In fact, in many states, one needs to look no further than professional state board publications for evidence of a punitive culture. For example, in Pennsylvania, the state nursing board funds what must be an enormous expense to send all licensed nurses a newsletter listing all disciplinary actions taken against nurses in the state. Sanctions due to involvement in medical errors are interspersed with reports of unethical or unlicensed activity, further increasing the shame and blame culture within these agencies and the profession. Furthermore, little or no information about improving patient safety or other dimensions of healthcare quality appear in the newsletters, which would certainly be a more effective use of this resource. (Licensing actions could be posted on a website for employers to reference.) Indeed, of the 27 pages of a recent state board of nursing newsletter, 18 pages covered disciplinary actions, 1 page covered mandatory reporting of license actions taken in other states, another page described how to report unethical or unlicensed activity of colleagues, and a few additional pages contained a chairperson's business message and a welcome to new board members.

The 2004 IOM report recommended sweeping changes within the state boards of nursing. Specifically, the committee felt the National Council of State Boards of Nursing, in consultation with patient safety experts and healthcare leaders, should design uniform processes and guidelines across states to better distinguish human errors from willful negligence and intentional misconduct. Stressing that this recommendation carried equal weight to all the others, the IOM committee underscored that defenses against human errors can be developed and put in place only if healthcare professionals are not afraid of disciplinary action when reporting those errors.

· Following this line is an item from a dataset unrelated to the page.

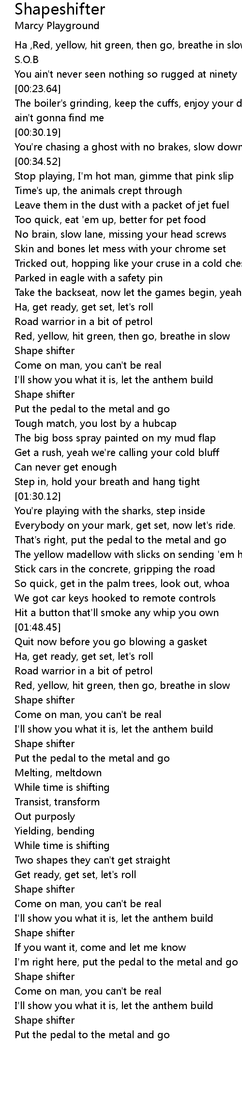 Ha ,Red, yellow, hit green, then go, breathe in slow |

Of course, there may be nursing, pharmacy, and medical licensing state boards that are making great strides in changing the culture and reducing the typical shame and blame disciplinary model of dealing with practitioners who are involved in an error. But the journey is slow, and the time required to make substantial changes cannot be predicted. Much will depend on the commitment and effort each state licensing board is prepared to devote to effecting change.

Objective measurement and feedback is needed to manage any planned change successfully, and efforts to create a just culture of safety are no exception. To this end, one pivotal place to start is an initial baseline assessment of practitioners' experiences with and perceptions about their state licensing board.